SAP has recently modified the Central Services deployment process to allow the use of /sapmnt global directories via a UNC path. This change removes the requirement for SIOS or other shared disk solutions on the Central Services VMs. It is still recommended to ensure that the /sapmnt UNC share is highly available. This can be done on the Central Services instance by using Windows Server Failover Cluster with Scale Out File Server (SOFS) and the Storage Spaces Direct (S2D) feature in Windows Server 2016. For Linux accessible shares, you can use highly available NFS deployment of Azure VMs.

When using Windows Server Failover Clustering, Cloud Witness is the recommended quorum model.

  • Database servers. The database tier is another potential single point of failure (SPOF) when deployed to a single VM — a typical deployment when high availability is not a requirement. High availability and disaster recovery for database servers may be achieved using built-in SAP load balancers, Azure Load Balancer, or other mechanisms, depending on the DBMS.

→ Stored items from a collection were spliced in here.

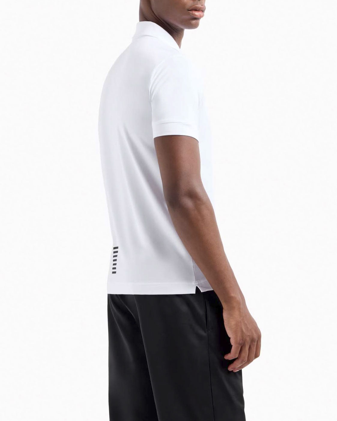 Polo EA7 bianca in jersey di cotone stretch con logo EA7 sul petto
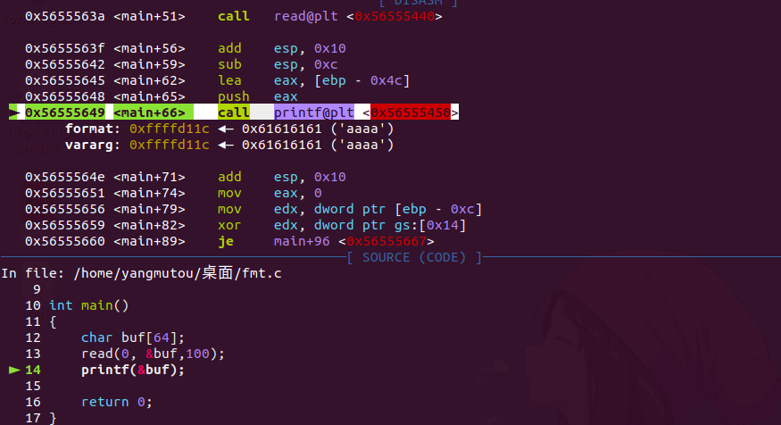 //gcc -g -m32 -fno-stack-protector -no-pie -o fmt fmt.c 为了调试方便,关闭canary 和pie 保护
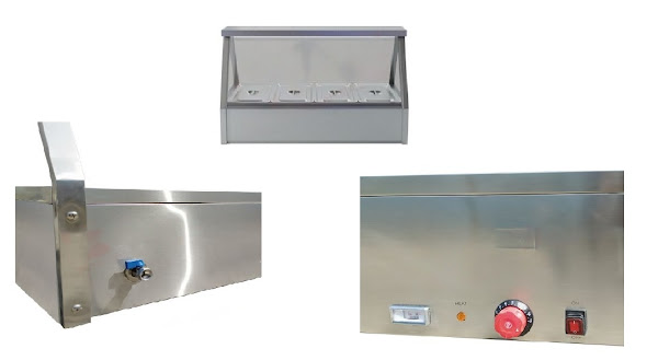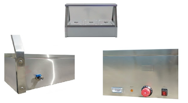 Electric Bain-Marie Showcase BMS-E3 berfungsi untuk memanaskan makanan seperti sup dan sayuran, bisa juga untuk melelehkan coklat dan mentega. Dilengkapi dengan varian beberapa tungku, thermostat dan lampu indikator. Bahan pan terbuat dari stainless steel anti karat sehingga aman untuk pangan. Cocok untuk penyajian makanan panas di rumah makan, hotel, kantin, atau cafe yang menyajikan makanan secara prasmanan.
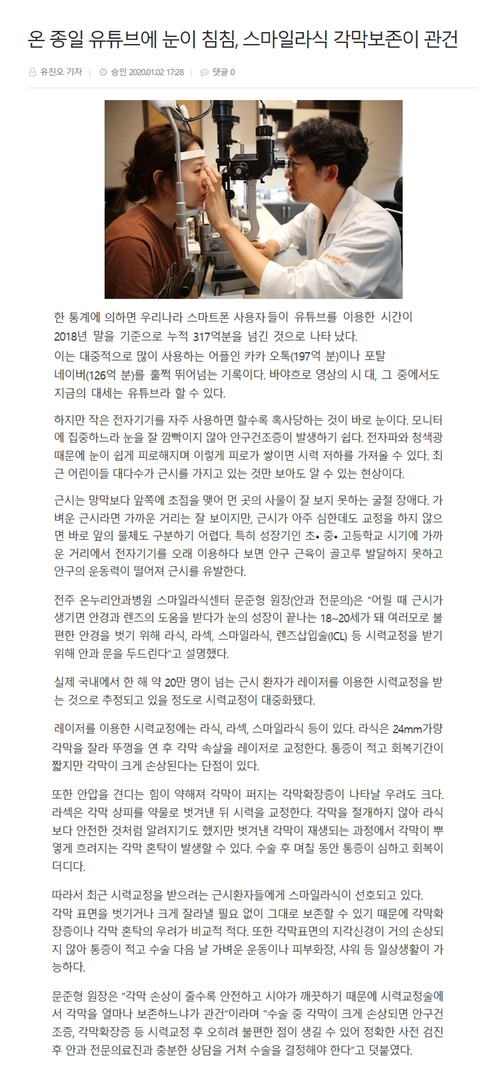온 종일 유튜브에 눈이 침침, 스마일라식 각막보존이 관건

  • Application servers pool. To provide high availability of application servers, deploy the Primary Application Server and one or more Additional Application Servers. To manage logon groups for ABAP application servers, the SMLG transaction is used. It uses the load balancing function within the message server of the Central Services to distribute workload among SAP application servers pool for SAPGUIs and RFC traffic. The application server connection to the highly available Central Services is through the cluster virtual network name.